## EXERCISE REQUIREMENTS:
While you copy the lines below, skip the pictures and keep the rest exact.

## DATASET EXCERPTS:
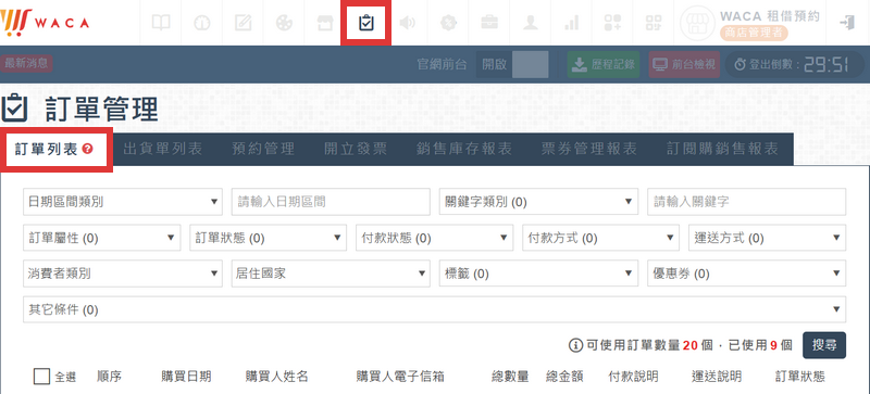 進入訂單管理後,需要先篩選出需要處理的訂單清單,可使用篩選功能找出目標的訂單:
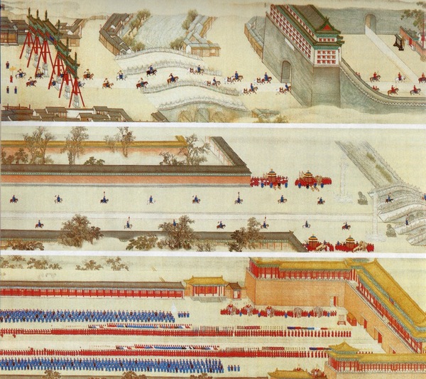 1. Запретный город, как он изображён на рисунке эпохи династии Мин. 2. Император Канси возвращается в Запретный город после поездки на юг.
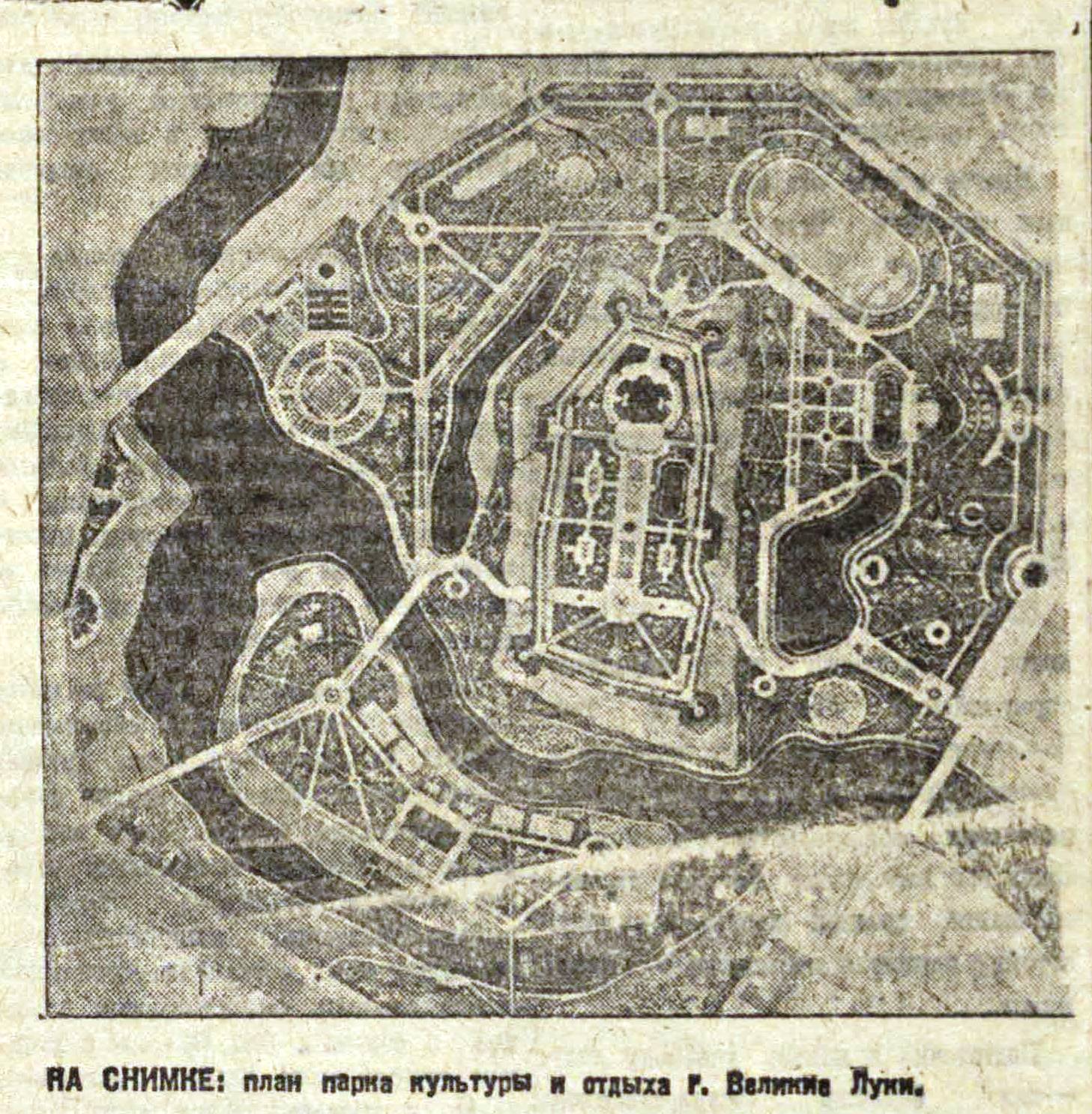 По новому генеральному плану города, утверждённому правительством, для парка культуры и отдыха запроектирована территория площадью 60 га. Место для будущего парка отведено в центральной части города. Парк займёт бывшую крепость, ров-овраг, широкой полосой в 300 метров окружающий крепость, остров Дятлинку и прибрежную часть, по правому берегу старого русла реки Ловать, до улицы Пушкина. Живописный рельеф местности с крутыми склонами к реке, расположенный посередине высокий холм крепости, река, пересекающая весь парк и окаймляющая остров, и прекрасная почва создают исключительно благоприятные условия для строительства парка. Парк по своим природным условиям и по своей площади будет значительно лучше и больше того, что имелось в городе до войны.
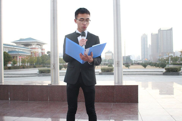 本次升旗仪式分为两项议程。第一项议程,升国旗奏国歌。伴着雄壮的国歌声响起,经贸系女子国旗护卫队的成员,迈着整齐的步伐,向国旗护卫台走去,接着五星红旗徐徐上升。全体同学注目行礼,即使是寒风也挡不住同学们的热情。第二项议程,由经济贸易系工商企业管理刘俊杰做国旗下代表发言,提前预祝同学们新年快乐。
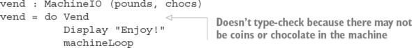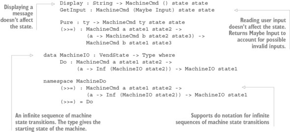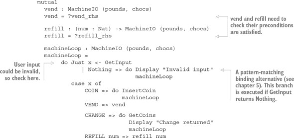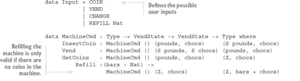 Danh sách 13.3. Mô hình máy bán hàng trong một kiểu, mô tả các chuyển trạng thái trong các kiểu lệnh (Vending.idr)
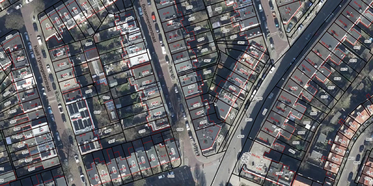 Het perceel waarop Bouwmeesterstraat 15 staat heeft een oppervlakte van 93 m². Dit is een klein perceel. De perceeloppervlakte wordt geregistreerd door het Kadaster. Gedetailleerde informatie over de maten van dit perceel kunt u vinden in het rapport Kadastrale kaart met maatvoering van Bouwmeesterstraat 15.
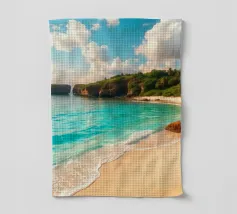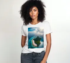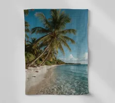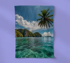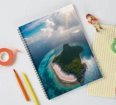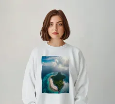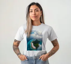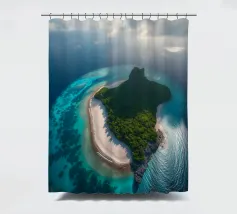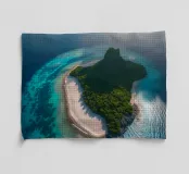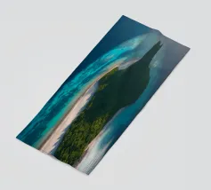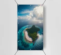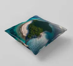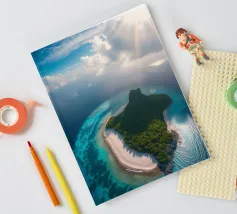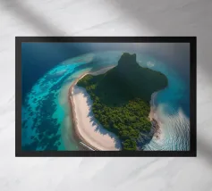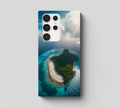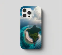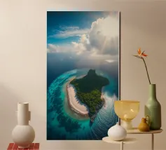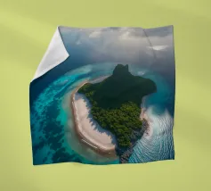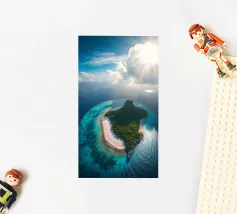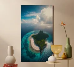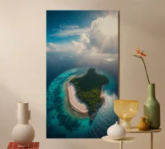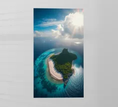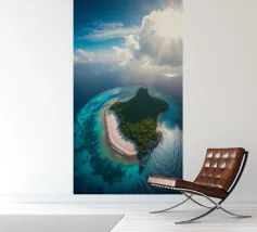 Une perspective aérienne montre une île luxuriante avec de la verdure, des plages de sable et des eaux turquoises, sous un ciel lumineux avec des nuages épars, soulignant sa beauté lointaine.
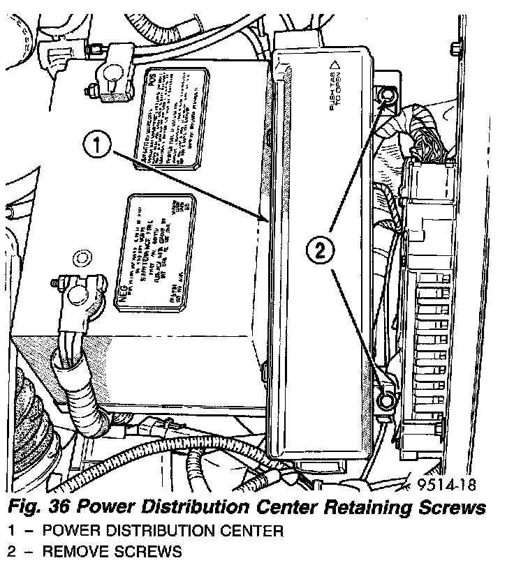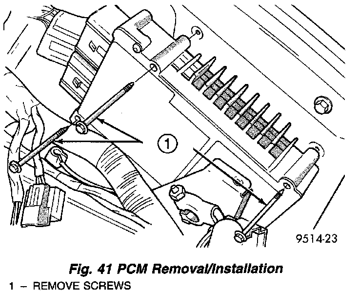 7. Pull PDC rearward to remove from front bracket. Lay PDC aside to allow access to Powertrain Control Module (PCM).
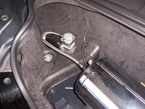 Bagged using all Air Ride Tech parts including Custom made Shockwaves, 3/8 Big Red vales, 2 Viair 450's chrome, and a 5 gal stainless tank.... And remote auto ride from ART
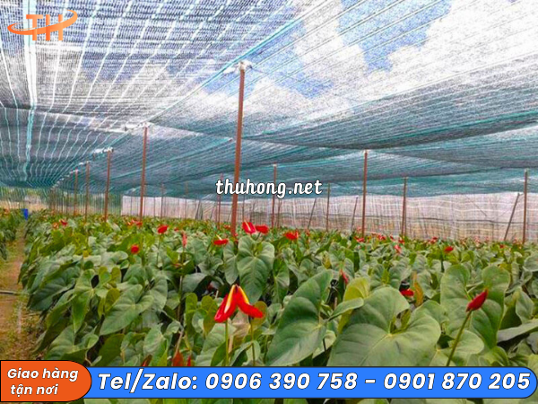 Ứng dụng lưới nhựa che nắng vườn hồng môn
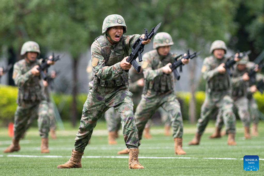 After a national flag-raising ceremony in the morning, soldiers of the garrison staged military exercises, including combatting and anti-terrorist operations, as well as theatrical performances.

## RESPONSE FOR THIS EXERCISE:
 進入訂單管理後,需要先篩選出需要處理的訂單清單,可使用篩選功能找出目標的訂單:
 1. Запретный город, как он изображён на рисунке эпохи династии Мин. 2. Император Канси возвращается в Запретный город после поездки на юг.
 По новому генеральному плану города, утверждённому правительством, для парка культуры и отдыха запроектирована территория площадью 60 га. Место для будущего парка отведено в центральной части города. Парк займёт бывшую крепость, ров-овраг, широкой полосой в 300 метров окружающий крепость, остров Дятлинку и прибрежную часть, по правому берегу старого русла реки Ловать, до улицы Пушкина. Живописный рельеф местности с крутыми склонами к реке, расположенный посередине высокий холм крепости, река, пересекающая весь парк и окаймляющая остров, и прекрасная почва создают исключительно благоприятные условия для строительства парка. Парк по своим природным условиям и по своей площади будет значительно лучше и больше того, что имелось в городе до войны.
 本次升旗仪式分为两项议程。第一项议程,升国旗奏国歌。伴着雄壮的国歌声响起,经贸系女子国旗护卫队的成员,迈着整齐的步伐,向国旗护卫台走去,接着五星红旗徐徐上升。全体同学注目行礼,即使是寒风也挡不住同学们的热情。第二项议程,由经济贸易系工商企业管理刘俊杰做国旗下代表发言,提前预祝同学们新年快乐。
 Danh sách 13.3. Mô hình máy bán hàng trong một kiểu, mô tả các chuyển trạng thái trong các kiểu lệnh (Vending.idr)
 Het perceel waarop Bouwmeesterstraat 15 staat heeft een oppervlakte van 93 m². Dit is een klein perceel. De perceeloppervlakte wordt geregistreerd door het Kadaster. Gedetailleerde informatie over de maten van dit perceel kunt u vinden in het rapport Kadastrale kaart met maatvoering van Bouwmeesterstraat 15.
 Une perspective aérienne montre une île luxuriante avec de la verdure, des plages de sable et des eaux turquoises, sous un ciel lumineux avec des nuages épars, soulignant sa beauté lointaine.
 7. Pull PDC rearward to remove from front bracket. Lay PDC aside to allow access to Powertrain Control Module (PCM).
 Bagged using all Air Ride Tech parts including Custom made Shockwaves, 3/8 Big Red vales, 2 Viair 450's chrome, and a 5 gal stainless tank.... And remote auto ride from ART
 Ứng dụng lưới nhựa che nắng vườn hồng môn
 After a national flag-raising ceremony in the morning, soldiers of the garrison staged military exercises, including combatting and anti-terrorist operations, as well as theatrical performances.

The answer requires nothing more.